Quelle atmosphère glaciale ! Il me punit sûrement. Je l’ai bien mérité il faut dire. J’acquiesce et le regarde sortir deux verres du meuble au-dessus de l’évier puis prendre un pichet de citronnade dans le frigo qu’il pose sur le comptoir. Je me hisse maladroitement sur un des tabourets et le regarde nous servir à boire. Je suis très, très mal à l’aise. Son attitude est tellement étrange. Bon, oui, je l’ai évité, mais… et puis après tout, je ne l’ai quasiment pas vu au lycée. À bien y réfléchir, je ne l’ai pas vu une seule fois. Étrange, non ? Je range ça dans la case « comportement étrange de petit ami ». Quoi qu’il en soit, il va falloir que je clarifie les choses et que je trouve une explication logique et plausible.
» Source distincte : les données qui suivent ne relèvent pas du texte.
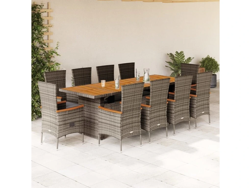 11dílný zahradní jídelní set s poduškami šedý polyratan [3277545]

Il boit une gorgée de son verre pendant que je triture mes doigts sans savoir quoi faire. Il continue de me fixer. Il va parler oui ou non ? Puis il fait le tour du comptoir, fait pivoter légèrement le tabouret de sorte que je me retrouve face à lui. Il prend mon visage dans ses mains. Elles sont douces et chaudes. Ce contact me rassure. Il s’approche et pose délicatement ses lèvres sur les miennes. Je pourrais mourir tellement ce baiser est tendre. Je soupire. Il ne m’en veut pas. Je suis enfin tranquillisée.

— Tu m’as manqué.

— Toi aussi.

Je me blottis contre son torse. J’écoute son cœur battre extrêmement vite. Je suis tellement heureuse qu’il n’y ait absolument rien de lupin chez lui. Quelques minutes encore dans ses bras puis il m’entraîne jusqu’au salon. On s’installe sur le canapé. Il m’ouvre ses bras dans lesquels je me blottis avec plaisir, la tête posée contre son épaule. On discute longtemps. Il m’embrasse à plusieurs reprises. J’ai eu quelques petits copains. Bon pas mille non plus, je n’ai pas trop de points de comparaison, mais je dois avouer que Matthew se défend plutôt bien de ce côté-là. Si ses baisers étaient sauvages et fougueux à notre premier rendez-vous, ils sont plus tendres et romantiques ce soir. J’ai l’impression de retrouver le Matthew que j’ai rencontré cet été. Et je le préfère largement. Près de deux heures se sont écoulées. Je suis si bien ici, je pourrais y rester toute la vie.

— Veux-tu que je te ramène ? La nuit commence à tomber.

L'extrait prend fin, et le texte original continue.